How would you declare the type
string
(or
System.String
)? I can suggest several answers to this question, from vague to fairly specific:
')
- "Any text in quotes"
- Character string
- Unicode character sequence
- 16-bit sequence
- UTF-16 word sequence
Only the last statement is completely true. The C # 5 specification (Section 1.3) reads:
Handling strings and characters in C # uses UTF-16. The type char
represents the word UTF-16, and the type string represents the sequence of words UTF-16.

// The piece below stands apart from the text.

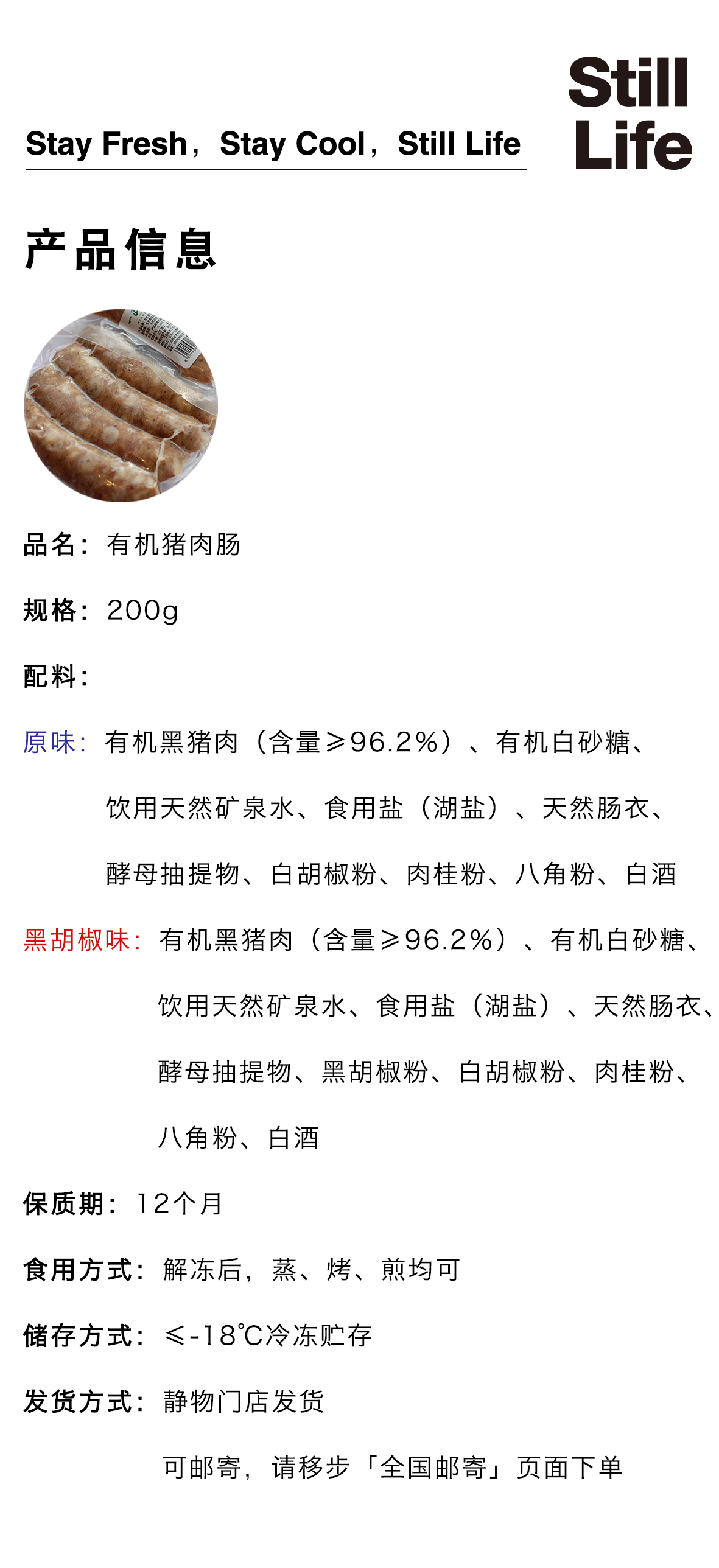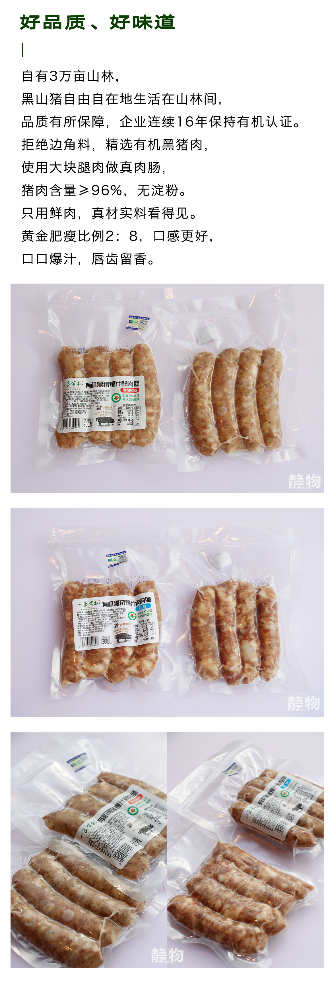 有机鲜肉肠200g|山东潍坊

So far, so good. But this is C #. What about IL? What is used there and does it matter? It turns out that it has ... Strings should be declared in IL as constants, and the nature of this presentation method is important - not only the encoding, but also the interpretation of this encoded data. In particular, a sequence of UTF-16 words may not always be represented as a sequence of UTF-8 words.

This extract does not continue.